• **What to work on**
Exactly as they appear, set down all of the records.

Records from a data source

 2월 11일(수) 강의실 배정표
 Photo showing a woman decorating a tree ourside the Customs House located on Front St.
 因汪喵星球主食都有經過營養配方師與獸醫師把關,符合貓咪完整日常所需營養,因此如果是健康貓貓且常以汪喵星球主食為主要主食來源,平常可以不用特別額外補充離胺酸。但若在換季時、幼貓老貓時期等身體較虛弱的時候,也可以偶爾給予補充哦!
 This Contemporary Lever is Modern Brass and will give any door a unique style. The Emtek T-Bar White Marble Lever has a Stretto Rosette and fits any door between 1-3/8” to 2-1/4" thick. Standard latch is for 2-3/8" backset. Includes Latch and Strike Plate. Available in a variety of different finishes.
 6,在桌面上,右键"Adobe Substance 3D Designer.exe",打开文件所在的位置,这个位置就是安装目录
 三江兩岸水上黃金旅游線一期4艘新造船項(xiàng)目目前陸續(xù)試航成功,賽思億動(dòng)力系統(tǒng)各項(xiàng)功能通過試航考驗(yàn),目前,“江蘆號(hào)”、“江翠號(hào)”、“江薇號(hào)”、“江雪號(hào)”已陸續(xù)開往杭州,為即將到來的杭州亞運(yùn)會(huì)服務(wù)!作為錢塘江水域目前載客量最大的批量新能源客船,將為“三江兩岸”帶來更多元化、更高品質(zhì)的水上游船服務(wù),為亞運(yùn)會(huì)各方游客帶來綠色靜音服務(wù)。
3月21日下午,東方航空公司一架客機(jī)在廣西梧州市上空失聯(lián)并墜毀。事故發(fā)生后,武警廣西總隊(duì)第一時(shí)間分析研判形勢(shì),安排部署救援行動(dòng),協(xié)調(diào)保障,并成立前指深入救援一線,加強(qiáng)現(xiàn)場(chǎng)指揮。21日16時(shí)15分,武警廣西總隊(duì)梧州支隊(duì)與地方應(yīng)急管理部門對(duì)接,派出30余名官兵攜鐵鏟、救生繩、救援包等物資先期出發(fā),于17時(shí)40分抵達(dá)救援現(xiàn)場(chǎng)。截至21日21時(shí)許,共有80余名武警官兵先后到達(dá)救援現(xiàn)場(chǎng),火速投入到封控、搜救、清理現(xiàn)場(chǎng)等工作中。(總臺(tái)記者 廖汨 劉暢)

• **Reply to the task**
 2월 11일(수) 강의실 배정표
 Photo showing a woman decorating a tree ourside the Customs House located on Front St.
 因汪喵星球主食都有經過營養配方師與獸醫師把關,符合貓咪完整日常所需營養,因此如果是健康貓貓且常以汪喵星球主食為主要主食來源,平常可以不用特別額外補充離胺酸。但若在換季時、幼貓老貓時期等身體較虛弱的時候,也可以偶爾給予補充哦!
 This Contemporary Lever is Modern Brass and will give any door a unique style. The Emtek T-Bar White Marble Lever has a Stretto Rosette and fits any door between 1-3/8” to 2-1/4" thick. Standard latch is for 2-3/8" backset. Includes Latch and Strike Plate. Available in a variety of different finishes.
 6,在桌面上,右键"Adobe Substance 3D Designer.exe",打开文件所在的位置,这个位置就是安装目录
 三江兩岸水上黃金旅游線一期4艘新造船項(xiàng)目目前陸續(xù)試航成功,賽思億動(dòng)力系統(tǒng)各項(xiàng)功能通過試航考驗(yàn),目前,“江蘆號(hào)”、“江翠號(hào)”、“江薇號(hào)”、“江雪號(hào)”已陸續(xù)開往杭州,為即將到來的杭州亞運(yùn)會(huì)服務(wù)!作為錢塘江水域目前載客量最大的批量新能源客船,將為“三江兩岸”帶來更多元化、更高品質(zhì)的水上游船服務(wù),為亞運(yùn)會(huì)各方游客帶來綠色靜音服務(wù)。
3月21日下午,東方航空公司一架客機(jī)在廣西梧州市上空失聯(lián)并墜毀。事故發(fā)生后,武警廣西總隊(duì)第一時(shí)間分析研判形勢(shì),安排部署救援行動(dòng),協(xié)調(diào)保障,并成立前指深入救援一線,加強(qiáng)現(xiàn)場(chǎng)指揮。21日16時(shí)15分,武警廣西總隊(duì)梧州支隊(duì)與地方應(yīng)急管理部門對(duì)接,派出30余名官兵攜鐵鏟、救生繩、救援包等物資先期出發(fā),于17時(shí)40分抵達(dá)救援現(xiàn)場(chǎng)。截至21日21時(shí)許,共有80余名武警官兵先后到達(dá)救援現(xiàn)場(chǎng),火速投入到封控、搜救、清理現(xiàn)場(chǎng)等工作中。(總臺(tái)記者 廖汨 劉暢)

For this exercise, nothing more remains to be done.